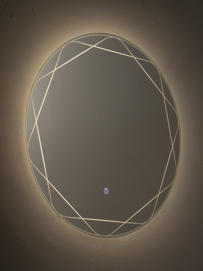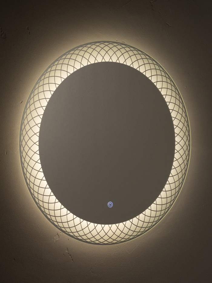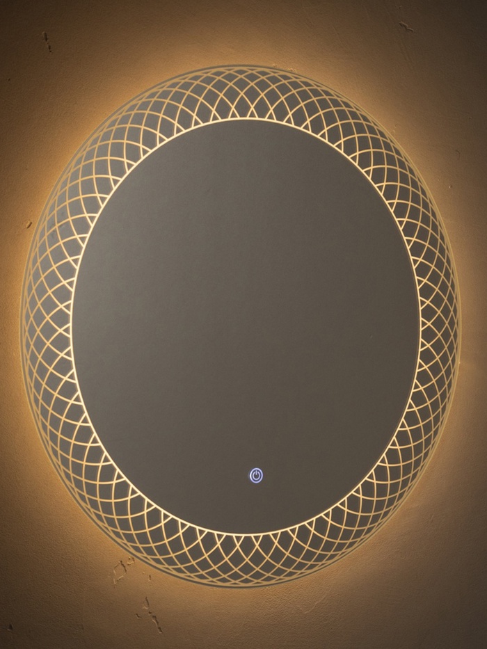 Зеркало с LED-подсветкой сенсорное, круглое с гравировкой полосы, d=60 см
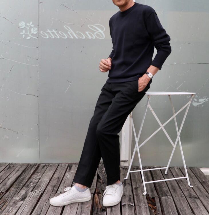 上はサイズSを、下はMを着ています。通常、46のサイズを選ぶ私スグルシニア。ジャストで着るか、ゆとりを持つかで選ぶサイズは変わります。目安としては、サイズSが44~46、Mで46~48、Lで48~50になるでしょうか。
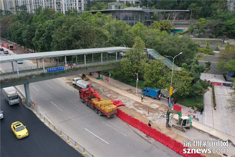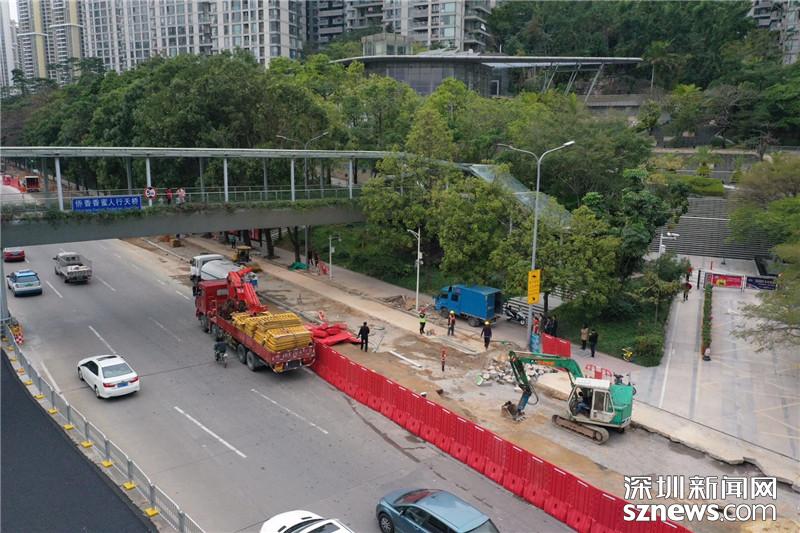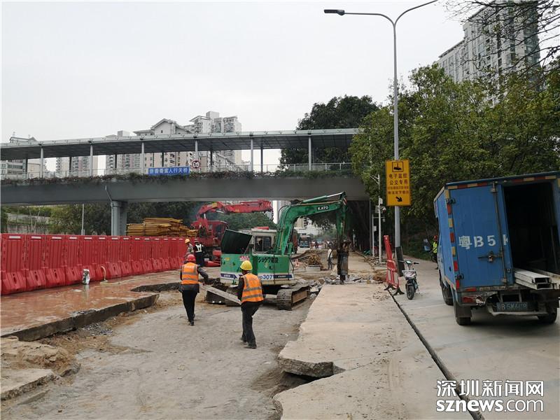 福田侨香路是人大代表杨勤调研的第二个点,从现场可以看到,目前侨香路人行道正在进行施工,不少大型机械正在作业,发出阵阵轰鸣声,来往行人只能绕道。
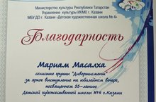 Ученица 3 А класса Масалха Мирьям получила благодарность за яркое выступление на юбилейном вечере ДШХ №4

§ **About this task**
Restate word for word the lines above that start at the line containing "福田侨香路是人大代表杨勤调研" and run to the end of the listing; exclude the pictures.

§ **Solution**
 福田侨香路是人大代表杨勤调研的第二个点,从现场可以看到,目前侨香路人行道正在进行施工,不少大型机械正在作业,发出阵阵轰鸣声,来往行人只能绕道。
 Ученица 3 А класса Масалха Мирьям получила благодарность за яркое выступление на юбилейном вечере ДШХ №4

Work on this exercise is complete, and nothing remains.